Carew lived in London for nearly 20 years in the early part of his literary career, in the 1950s and 1960s.  But, throughout, he always maintained aspects of his village and Caribbean perspective, as he would then explore the confusions and wondrous possibilities of a larger world.   In a 1988 essay, “The Third World: Its Façade and Landscapes Within,”  Carew explored these relationships between his home-derived worldview and interactions with people and places elsewhere.   He wrote, “I realized that my village in the sun was an important point of reference for understanding the planet earth I lived on.  The more widely I travelled, the more forcibly it struck me that Agricola with all its mysteries – its deceptive façade of poverty, squalor and apparent hopelessness – was a microcosm of the world; and growing up there, I have made the acquaintance of its secret sorrows and beheld the vision of its hidden but stubborn hope . . . .” (“Third World,” 119).

As much as Carew lived most of his life outside the Caribbean, he was also very conscious of developments back home.  And, periodically, he returned to the Caribbean with an intention of resettling there, “Each time, I felt a certain strong urge to rediscover my homeland” (Episodes, p. 165).   But, local politics or other opportunities elsewhere continued to disrupt these plans.   The late 1950s-1960s period was a particularly contentious time.  There was the heated debate over the notion of a West Indian Federation, for one. People in this region, like other colonial properties in this post-World War Two era, were both pushing their anti-colonial agendas and calling for their right to form new kinds of alliances.  In 1959, he wrote a piece, “What is a West Indian?” for the West Indian Gazette, circulated in both the UK and in the Caribbean.  This clearly presaged the observations he would make in his later essay, “The Caribbean Writer and Exile” — that of the push-pull of rooted-ness and rootlessness. He wrote, “The question ‘what is a West Indian?’ is one that concerns every thinking person in the British Caribbean today.  For, we are standing at a cultural crossroads and the direction we take will affect our future, our identity….It is very popular for West Indian politicians to tell us about a West Indian culture, but I have heard none of them come near to defining for the mass of people what this culture is . . . .  Some people evade answering this question by saying that we are part of a Western civilization . . . .  [Rather] culture . . . . is the product of a man’s creative labour in a place, in a society where he has lived, and over thousands of generations, where he has put his particular stamp on an environment. To admit there is a West Indian culture is to concede that the foundations of this culture were laid by slaves, and later that some of the builders of these superstructures were bond labourers…The West Indian will only cease to be a [faceless cipher] when through a creative representation of the smell of his earth and the dreams of his people, he can discover a true image of himself “ (Episodes,  126-127).
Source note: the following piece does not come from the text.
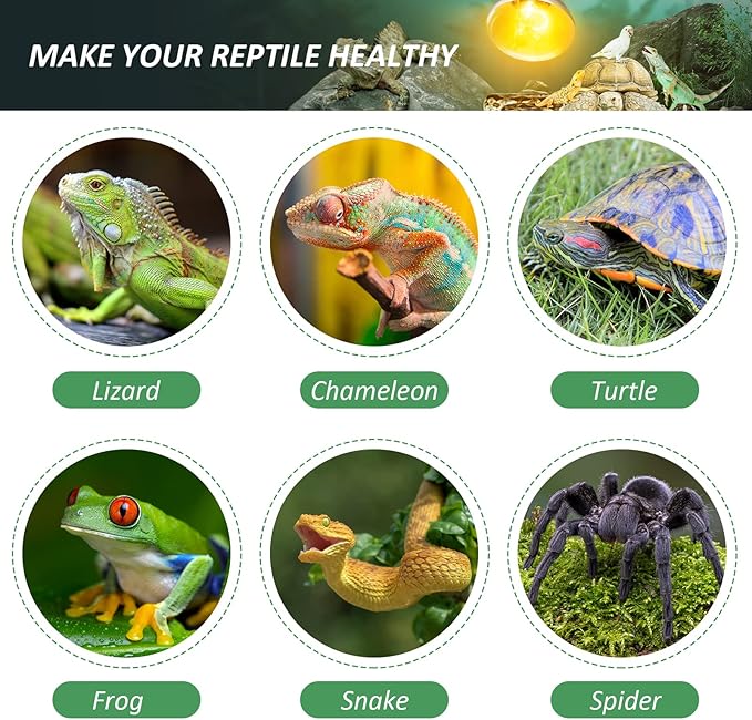 - KEEP YOUR REPTLES/PETS HEALTHY - The reptile bulb simulates the sun's rays to make your baby more comfortable. It compositions promote vitamin D3 synthesis to maintain healthy skin and bones for reptiles, fully absorb calcium; Infra-Red (Heat): provides the warmth which cold-blooded animals are used to in nature.
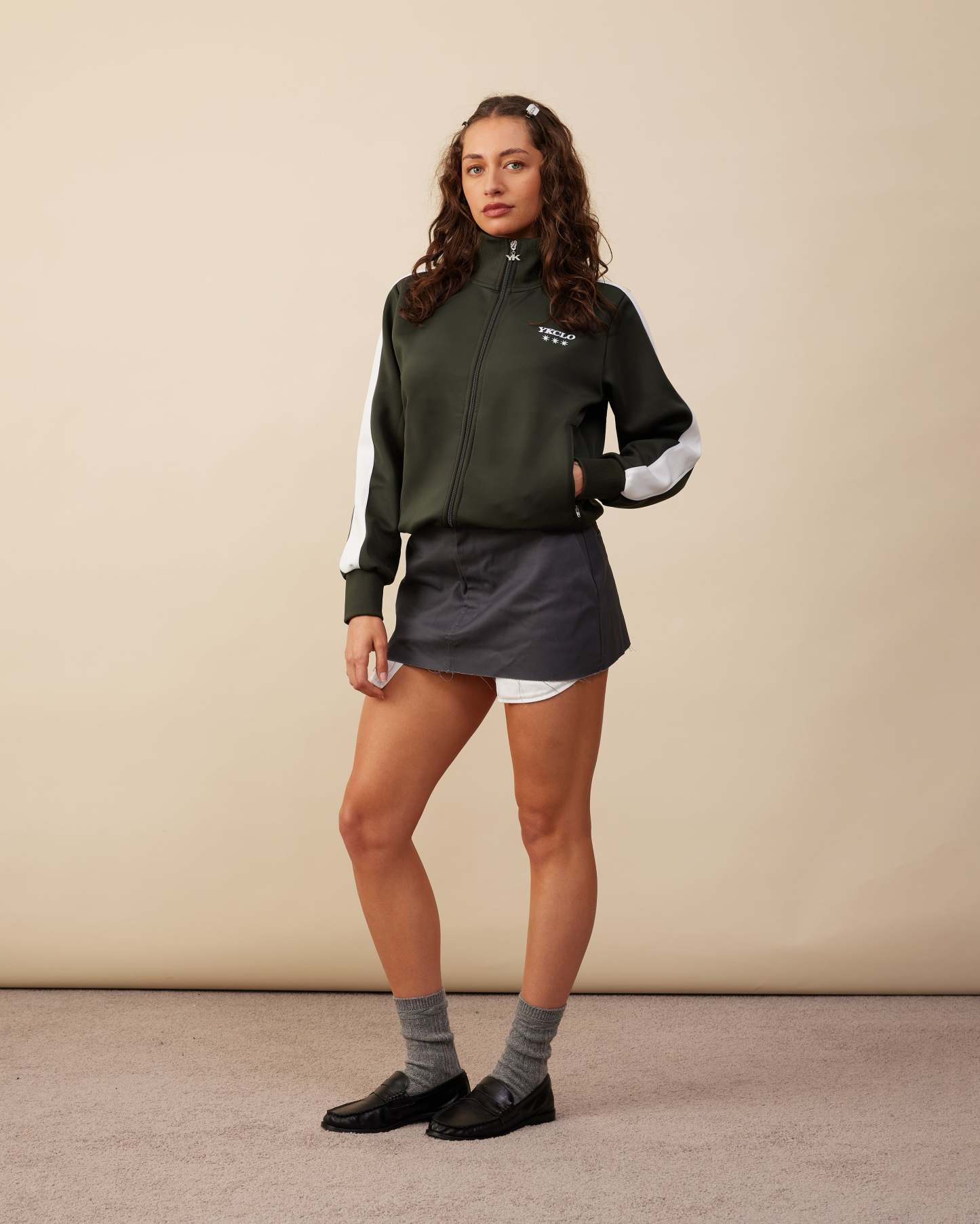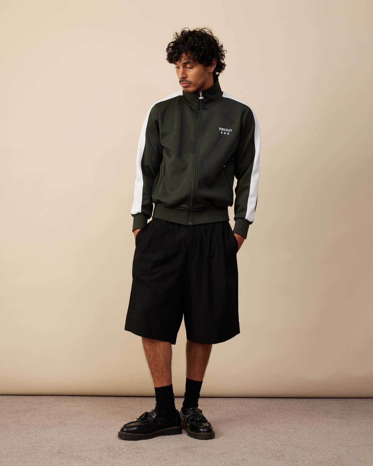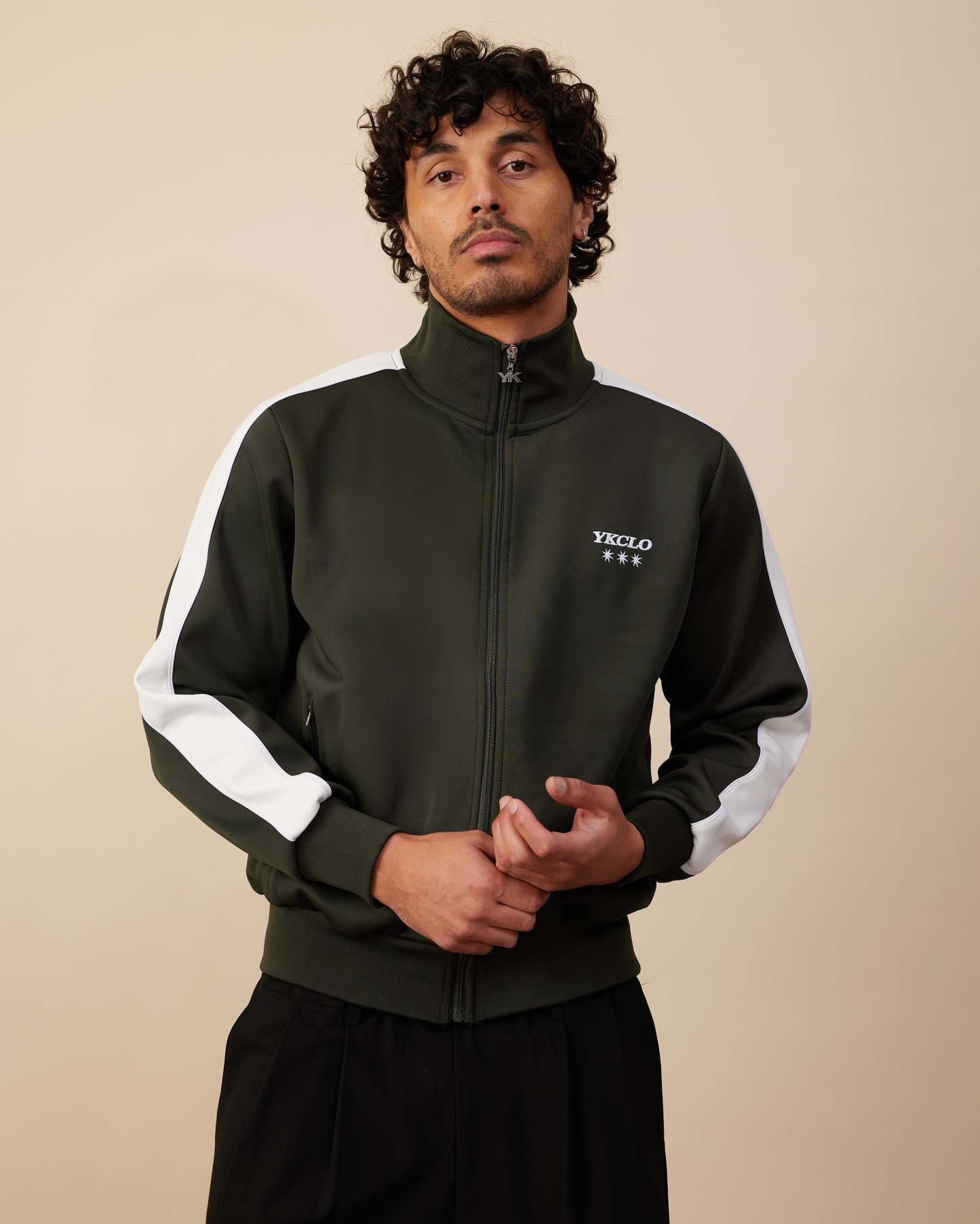 The Track Jacket features a relaxed fit with a full front zip and stand-up collar. Designed with zip pockets, ribbed hem and cuffs, and panel detailing down the arms, it’s finished with a signature YK-branded zipper.

With Cheddi Jagan’s electoral victory in the early 1960s, Carew returned Guyana to take up the position of Director of Culture in the Jagan Government, but, the internecine racial divide proved to be too painful for him, “When I first joined them in 1949, Eusi [Kwayana] and Cheddi were committed to forming a government of national unity in which the Indo-Guyanese and Afro-Guyanese would share power on an equal basis.  By 1960, you could feel the depth of animosity that Blacks had towards the Indo-Guyanese government and vice versa”  (Episodes, p 169). Given opportunity to work in Jamaica, instead, he relocated there.  But, again, Jamaican politics made this untenable for a long run, and, after reporting on the Cuban Missile Crisis, he moved back  to London.